The Jordan–Hölder theorem states that each group has a unique composition series in a precise sense. Now, we take a composition series

$$G = G_0 \geq G_1 \geq \cdots \geq G_n = 1$$

of $G$ and let $F_k = G_k/G_{k-1}$ be the corresponding factor groups. Note that, at each stage, $G_k$ is an extension of $G_{k-1}$ by $F_k$. Moreover, we observe that each factor group is either simple or trivial. Therefore, an arbitrary finite group $G$ can be obtained by carrying out the “extending by a finite simple group” process finitely many times—and, by the Jordan–Hölder theorem, this procedure is uniquely determined by $G$.

In other words, we can complete the classification of finite groups by (1) classifying all finite simple groups and (2) solving the extension problem. (1) has been completed, after 60 years of hard work by many group theorists. (2) is still unsolved, as there is no known general theory of classifying all extensions of a given group: see the Wikipedia page on group extensions.

The unresolved state of the group extension problem indicates that there are, in general, many group extensions that fail to be semidirect products.
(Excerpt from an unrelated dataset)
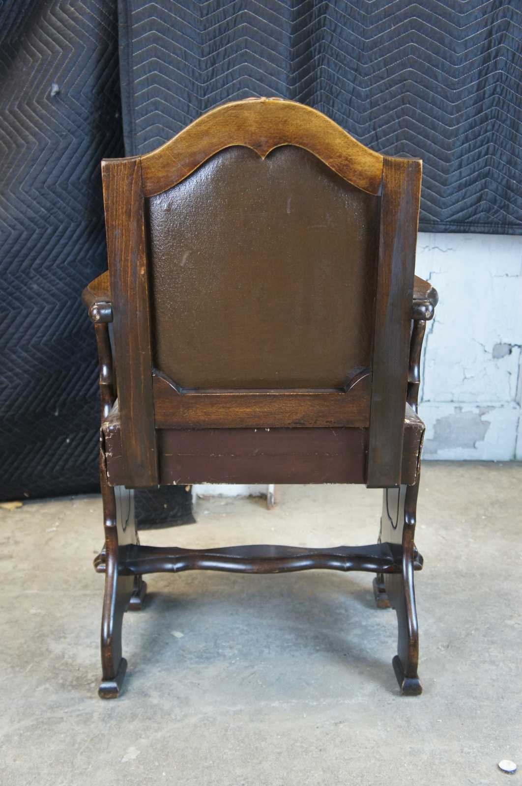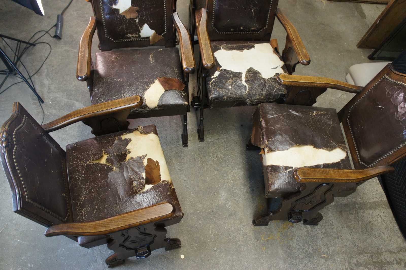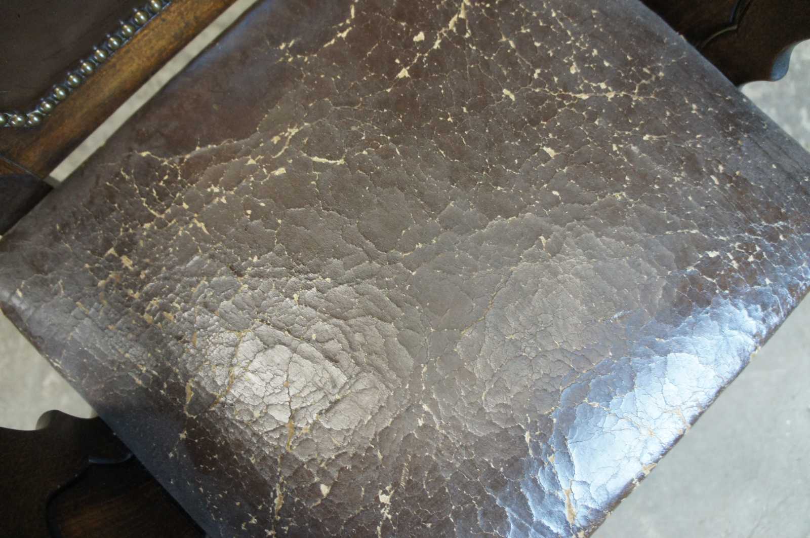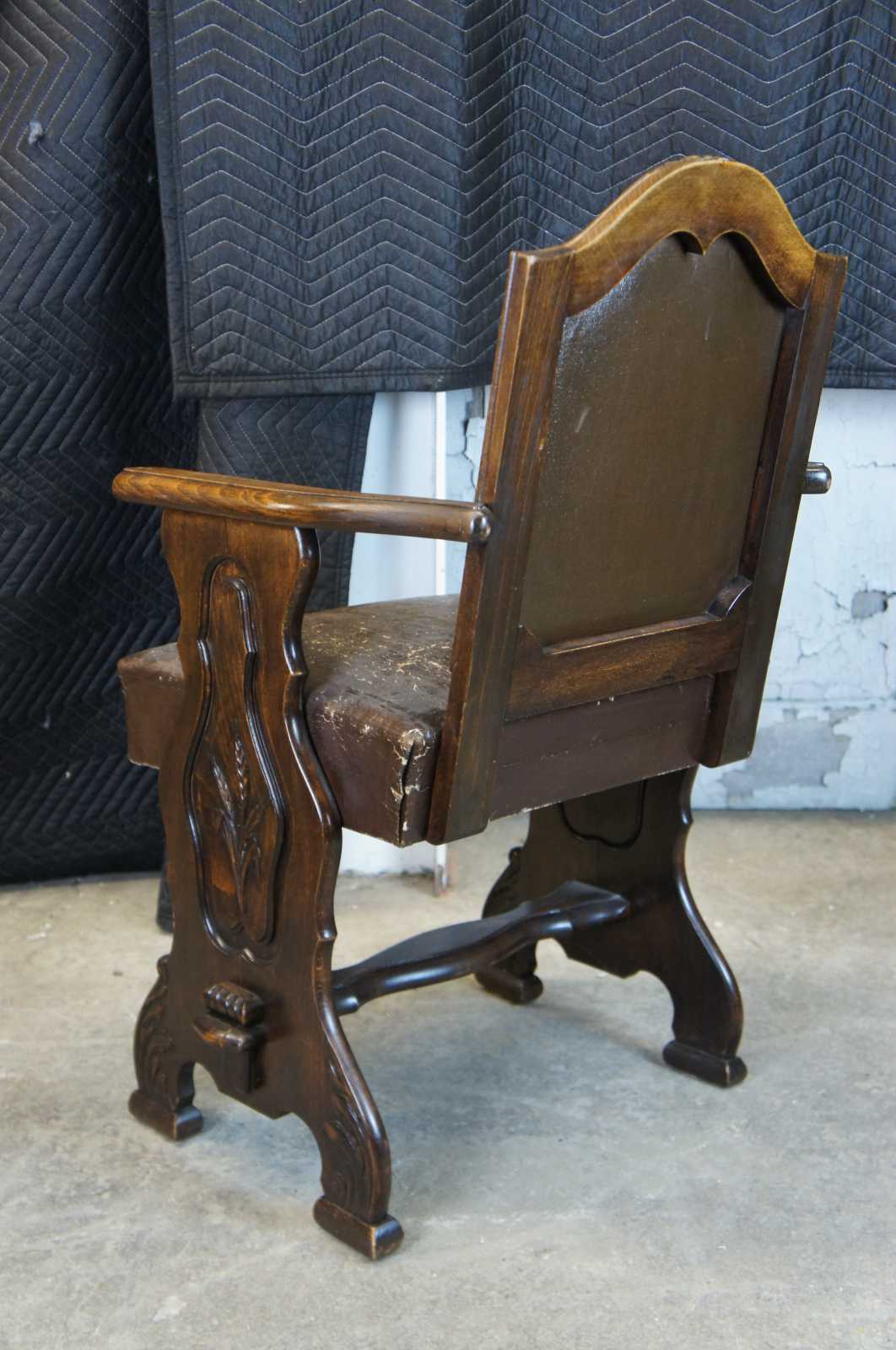 8 Antique French Country Old World oak dining chairs. An exquisite and unique form with molded side panels featuring wheat carvings and acanthus blocked feet. Upholstered in a brown leather with nailhead trim.

The following exercise sheds light on this phenomenon:

Exercise 8.7. We say that a short exact sequence of groups

$$1 \to N \xrightarrow{f} G \xrightarrow{g} K \to 1$$

is left split if there exists a group homomorphism $G \xrightarrow{f'} N$ such that $f' \circ f = \operatorname{id}_N$. Similarly, the short exact sequence is said to be right split if there exists a group homomorphism $K \xrightarrow{g'} G$ such that $g \circ g' = \operatorname{id}_K$. Show that a group extension $G$ of $N$ by $K$ is a semidirect product of $N$ by $K$ if and only if the corresponding short exact sequence is right split. Show also that a group extension $G$ of $N$ by $K$ is a direct product of $N$ and $K$ if and only if the corresponding short exact sequence is left split. Conclude that left split implies right split.

See Chapter 7 of Rotman, An Introduction to the Theory of Groups for a more detailed survey of the group extension problem. The extension problem for abelian groups (and, in general, abelian categories) is also heavily studied. The proper context for this type of problem is homological algebra: see, for example, Weibel, An Introduction to Homological Algebra.